Although we did not primarily aim to clarify the underlying mechanism for the exaggerated IL-6 and IL-8 production, the mRNA profile and the lack of a further increased transcriptional activity suggest that the low arginine concentrations affect the post-transcriptional regulation of IL-6 and IL-8 production. Similar findings were obtained earlier for airway epithelial cells exposed to reduced levels of the essential amino acid tryptophan . At reduced tryptophan levels, IL-6 and IL-8 mRNA degradation was attenuated, resulting in markedly enhanced IL-6 and IL-8 mRNA levels (i.e. superinduction). Despite the reduced protein synthesis capacity of cells, these enhanced levels of IL-6 and IL-8 mRNA apparently outcompete other mRNAs for the remaining translational activity, giving rise to exaggerated IL-6 and IL-8 production. Our findings with reduced arginine concentrations did not convincingly show a reduced IL-6 and IL-8 mRNA degradation. This may be due to the fact that arginine is also produced by the cells themselves and thus the effect on protein synthesis and therefore on IL-6 and IL-8 mRNA degradation may be less than for tryptophan. This is corroborated by the relatively small increase in IL-6 and IL-8 mRNA levels compared to that for control cells and in comparison to that in the absence of tryptophan . Alternatively, we can not as yet exclude the possibility that the IL-6 and IL-8 mRNA degradation is affected at time points beyond that we have assessed now.

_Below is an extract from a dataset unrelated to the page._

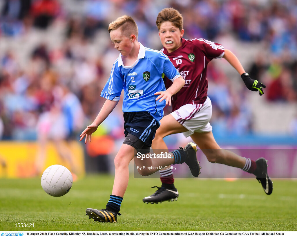 11 August 2018; Fionn Connolly, Kilkerley NS, Dundalk, Louth, representing Dublin, during the INTO Cumann na mBunscol GAA Respect Exhibition Go Games at the GAA Football All-Ireland Senior Championship Semi Final match between Dublin and Galway at Croke Park in Dublin. Photo by Stephen McCarthy/Sportsfile
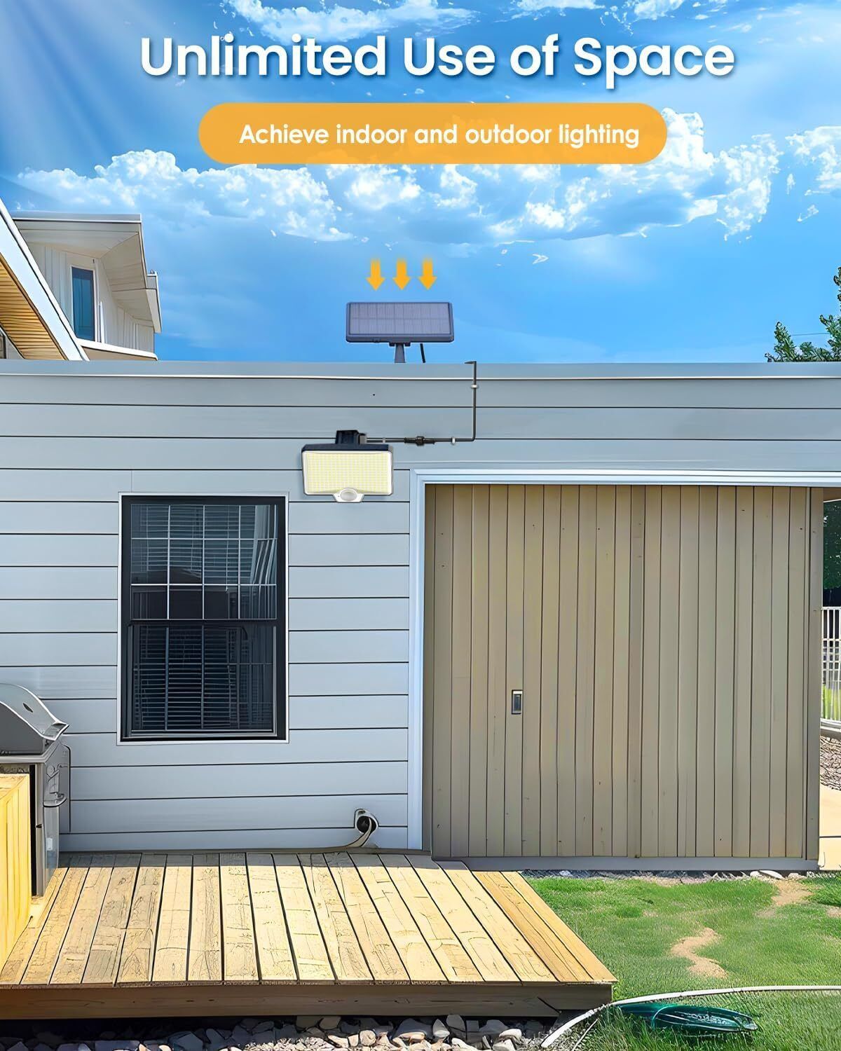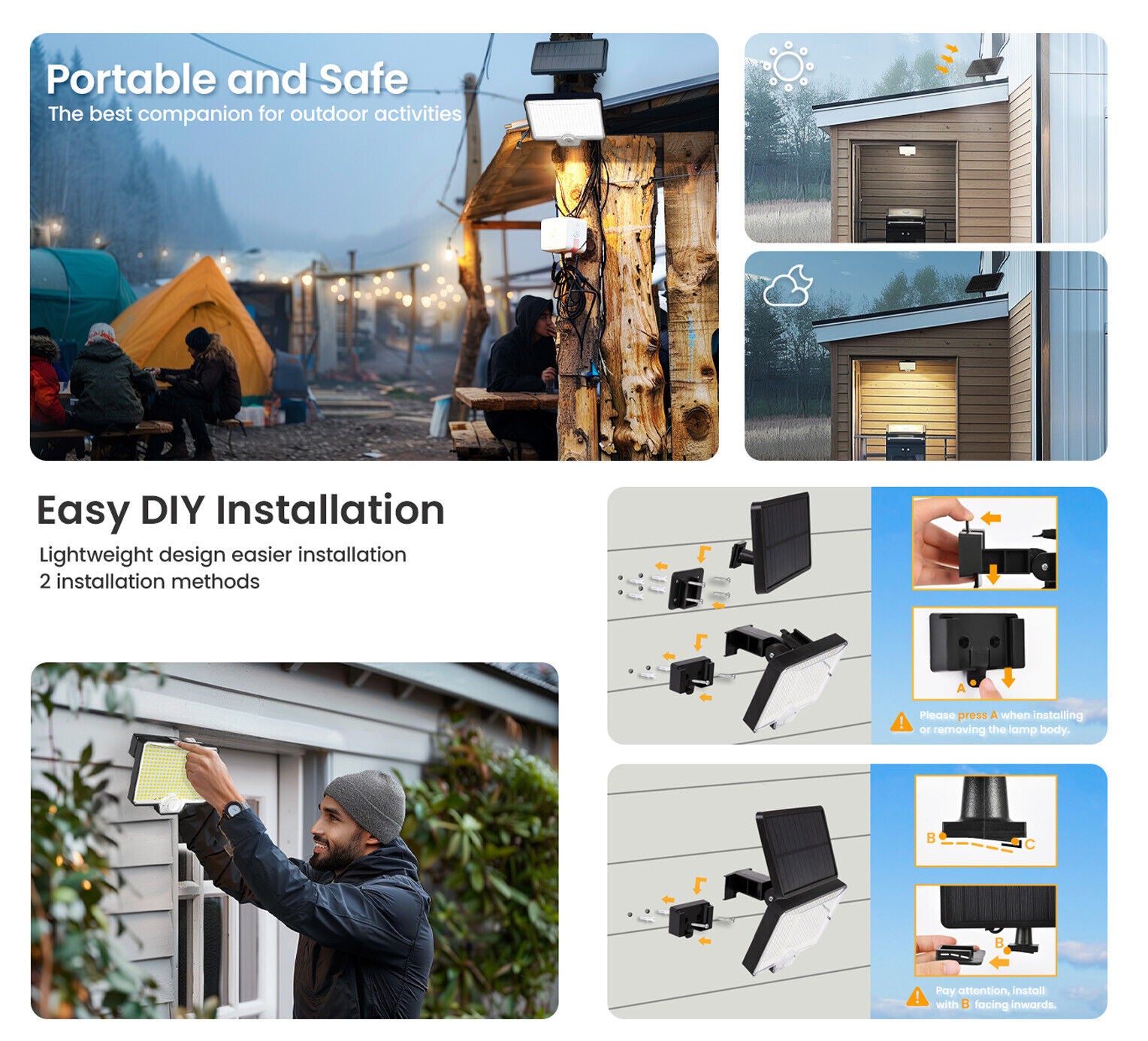 • Enhanced Brightness: Featuring 294 powerful LEDs, this solar-powered flood lamp offers superior illumination, making it perfect for lighting up garages, backyards, porches, and patios, ensuring your outdoor areas are safely lit at night.

Polycationic proteins, such as those derived from degranulating eosinophils, cause bronchial hyperresponsiveness and airway inflammation in experimental animal models upon introduction of the airways [10, 29, 30]. Although these polycationic proteins are cytotoxic, at lower doses they inhibit the uptake of arginine via the cationic amino acid transporters (CAT; ). This reduced uptake of arginine was shown to limit NO production which was found to underlie the bronchial hyperresponsiveness [29–31]. The polycationic peptide poly-L-arginine inhibits arginine uptake more effectively than other cationic proteins , as indeed was confirmed here for MBP and epithelial cells. Poly-L-arginine and MBP potently induced IL-6 and IL-8 production by epithelial cells, but this did not coincide with maximal inhibition of arginine uptake, suggesting that it is independent of blocking arginine uptake. In addition, poly-L-arginine promoted transcriptional activity which was not seen for reduced arginine levels. So, we propose that the exaggerated IL-6 and IL-8 production by polycationic proteins is not due to reduced arginine availability. Interestingly, this synergism on inflammatory mediator production has been described before for LPS-stimulated human whole blood with poly-L-arginine . As poly-L-arginine binds to CD14  and since a close interaction between CD14 and TLR4 is required for adequate LPS stimulation  it may be argued that poly-L-arginine promotes the physical interaction of CD14 and TLR4 giving rise to NFκB activation [35, 36]. As NHBE cells are relatively unresponsive to LPS  it is not surprising that we found no synergism between poly-L-arginine and LPS in the IL-6 and IL-8 production by NHBE.
For experimental reasons (see Material and Methods), the arginine uptake experiments were performed at 10 μM arginine and the experiments for IL-6 and IL-8 production at about 1 mM arginine. Since Hammermann et al. (Figure 5 in ) showed that inhibition of arginine uptake by poly-L-arginine is similar at 0 and 100 μM arginine in the medium, it is likely that poly-L-arginine also inhibited arginine uptake markedly at 1 mM arginine. As yet we can not exclude that reduced arginine uptake also contributed to the poly-L-arginine-induced exaggerated IL-6 and IL-8 responses. Interestingly we showed that TNF-α in the presence of poly-L-arginine synergized in IL-6 and IL-8 production by NHBE cells. Previously, Visigalli et al.  found that human endothelial cells exposed to TNF-α stimulate arginine uptake via NF-κB. So, if TNF-α promotes arginine uptake by NHBE cells, poly-L-arginine may counteract and cause a relative arginine deficiency, leading to enhanced IL-6 and IL-8 production. Alternatively, we can not exclude that the prolonged incubation with poly-L-arginine, as is manifest during the 20 h incubation for cytokine production, culminates in a more profound inhibition of arginine uptake and consequently enhances IL-6 and IL-8 production as shown for reduced arginine concentrations.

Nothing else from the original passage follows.